What is needed:
Leaving out all pictures, return exactly the lines from the one that contains "- 会話後(じゃなくてもいいけど)、頭上の足場を移動して右上隅の死体から 片手剣" through the end of the data below.

Data:
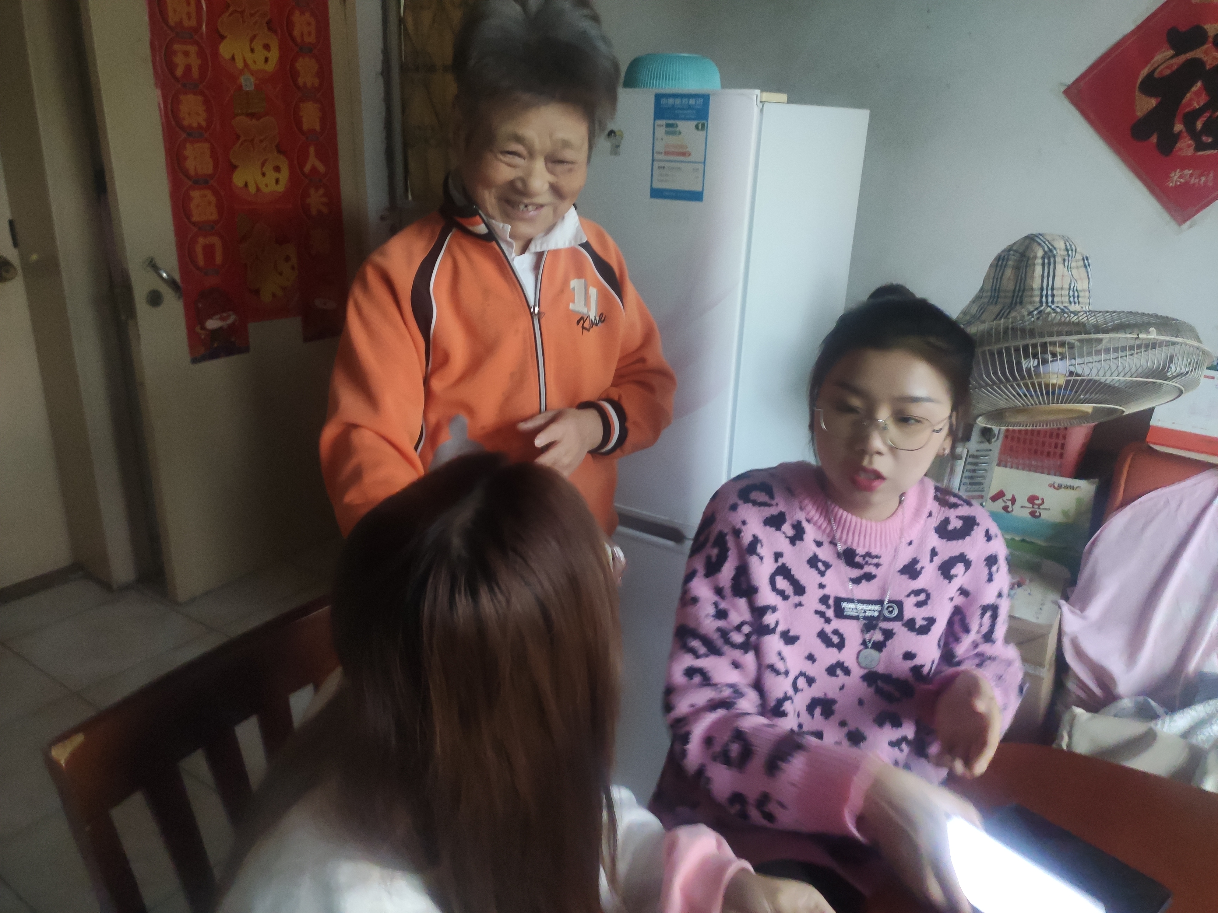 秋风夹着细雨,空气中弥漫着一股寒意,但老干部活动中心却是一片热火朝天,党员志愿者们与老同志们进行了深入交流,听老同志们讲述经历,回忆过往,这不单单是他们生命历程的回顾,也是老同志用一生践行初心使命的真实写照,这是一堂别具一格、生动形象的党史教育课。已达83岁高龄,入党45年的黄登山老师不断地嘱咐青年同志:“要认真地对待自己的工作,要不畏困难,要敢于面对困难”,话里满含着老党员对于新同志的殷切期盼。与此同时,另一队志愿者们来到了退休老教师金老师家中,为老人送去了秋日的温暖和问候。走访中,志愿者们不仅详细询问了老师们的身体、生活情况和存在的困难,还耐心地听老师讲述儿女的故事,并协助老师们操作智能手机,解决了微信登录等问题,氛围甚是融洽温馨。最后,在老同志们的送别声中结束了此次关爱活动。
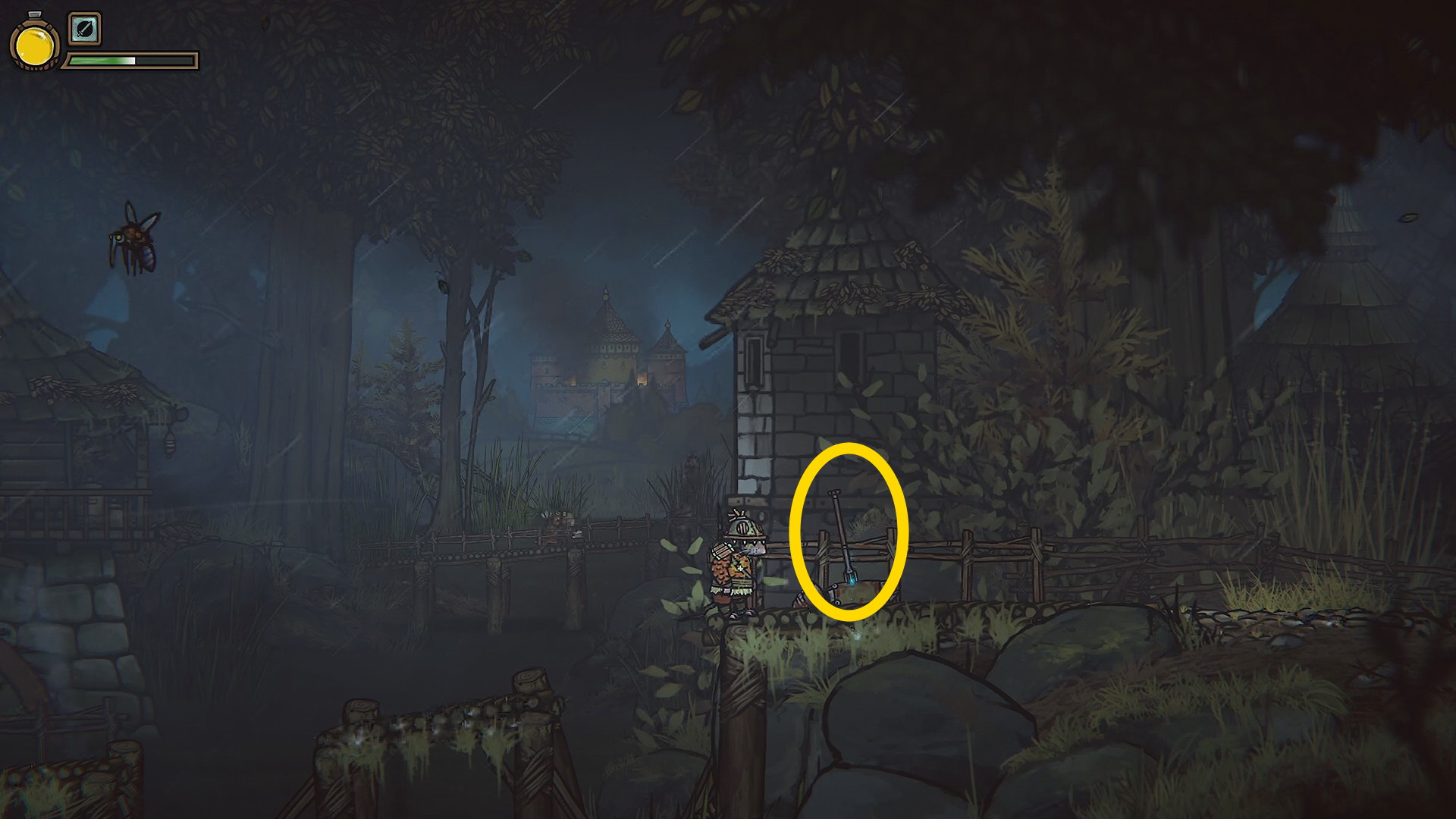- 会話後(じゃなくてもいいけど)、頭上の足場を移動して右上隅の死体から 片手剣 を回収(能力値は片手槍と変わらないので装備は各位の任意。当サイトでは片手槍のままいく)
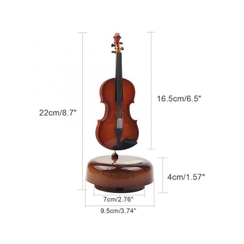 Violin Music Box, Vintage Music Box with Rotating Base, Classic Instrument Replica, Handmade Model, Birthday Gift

Answer to this task:
- 会話後(じゃなくてもいいけど)、頭上の足場を移動して右上隅の死体から 片手剣 を回収(能力値は片手槍と変わらないので装備は各位の任意。当サイトでは片手槍のままいく)
 Violin Music Box, Vintage Music Box with Rotating Base, Classic Instrument Replica, Handmade Model, Birthday Gift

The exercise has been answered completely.